Maximum sum such that no 2 elements are adjacent

Problem Statement

Given an array of positive integers, find the maximum sum of a subsequence such that no two elements are adjacent in the original array.

Constraints:

• All elements are positive integers
• Array has at least one element

Example:

• Input: arr = [5, 5, 10, 100, 10, 5]
• Output: 110
• Explanation: Pick 5 + 100 + 5 = 110 (indices 0, 3, 5)

Example 2:

• Input: arr = [1, 2, 3]
• Output: 4
• Explanation: Pick 1 + 3 = 4 (indices 0, 2)

Example 3:

• Input: arr = [1, 20, 3]
• Output: 20
• Explanation: Pick 20 alone

Approach 1: Brute Force (Recursion)

Intuition

For each element, we have two choices: include it or exclude it. If we include it, we skip the next element.
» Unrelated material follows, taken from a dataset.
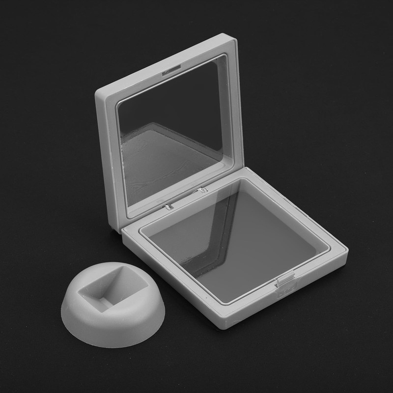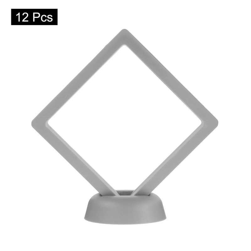 - Package contents: you will receive 12 floating display cases and stands. Frame size: 3.54"L x 3.54"W x 0.8"H; Screen Size: 2.9"L x 2.9"W. Colour: Grey

Try all combinations and find the maximum.

Algorithm

1. At each index i, either:
   • Include arr[i] and recurse from i+2
   • Exclude arr[i] and recurse from i+1
2. Return the maximum of both choices
3. Base case: if index >= n, return 0

public class Solution {
    public int maxSumRecursive(int[] arr, int i) {
        // Base case
        if (i >= arr.length) {
            return 0;
        }
        
        // Include current element
        int include = arr[i] + maxSumRecursive(arr, i + 2);
        
        // Exclude current element
        int exclude = maxSumRecursive(arr, i + 1);
        
        return Math.max(include, exclude);
    }
    
    public int findMaxSum(int[] arr) {
        return maxSumRecursive(arr, 0);
    }
}

Complexity Analysis

• Time Complexity: O(2ⁿ) - Each element has two choices
• Space Complexity: O(n) - Recursion stack

Approach 2: Memoization (Top-Down DP)

Intuition

The recursive solution has overlapping subproblems. Use memoization to store results.

public class Solution {
    private int[] memo;
    
    public int maxSumMemo(int[] arr, int i) {
        if (i >= arr.length) {
            return 0;
        }
        
        if (memo[i] != -1) {
            return memo[i];
        }
        
        int include = arr[i] + maxSumMemo(arr, i + 2);
        int exclude = maxSumMemo(arr, i + 1);
        
        memo[i] = Math.max(include, exclude);
        return memo[i];
    }
    
    public int findMaxSum(int[] arr) {
        memo = new int[arr.length];
        Arrays.fill(memo, -1);
        return maxSumMemo(arr, 0);
    }
}

Complexity Analysis

• Time Complexity: O(n) - Each subproblem solved once
• Space Complexity: O(n) - Memoization array + recursion stack

Approach 3: Tabulation (Bottom-Up DP)

Intuition

Build the solution iteratively from the end. dp[i] represents the maximum sum starting from index i.

public class Solution {
    public int findMaxSum(int[] arr) {
        int n = arr.length;
        
        if (n == 0) return 0;
        if (n == 1) return arr[0];
        if (n == 2) return Math.max(arr[0], arr[1]);
        
        int[] dp = new int[n];
        
        dp[n - 1] = arr[n - 1];
        dp[n - 2] = Math.max(arr[n - 2], arr[n - 1]);
        
        for (int i = n - 3; i >= 0; i--) {
            dp[i] = Math.max(arr[i] + dp[i + 2], dp[i + 1]);
        }
        
        return dp[0];
    }
}

Alternative: Forward DP

Complexity Analysis

• Time Complexity: O(n) - Single pass
• Space Complexity: O(n) - DP array

Approach 4: Space Optimized DP (Optimal)

Intuition

We only need the last two values to compute the current value.

Algorithm

1. Maintain two variables: prev1 (i-1) and prev2 (i-2)
2. For each element, compute max(arr[i] + prev2, prev1)
3. Update prev2 = prev1, prev1 = current

public class Solution {
    public int findMaxSum(int[] arr) {
        int n = arr.length;
        
        if (n == 0) return 0;
        if (n == 1) return arr[0];
        
        int prev2 = 0;          // Max sum not including previous element
        int prev1 = arr[0];     // Max sum including up to previous element
        
        for (int i = 1; i < n; i++) {
            int current = Math.max(arr[i] + prev2, prev1);
            prev2 = prev1;
            prev1 = current;
        }
        
        return prev1;
    }
}

Dry Run Example

Complexity Analysis

• Time Complexity: O(n) - Single pass
• Space Complexity: O(1) - Only two variables

Variation: Circular Array (House Robber II)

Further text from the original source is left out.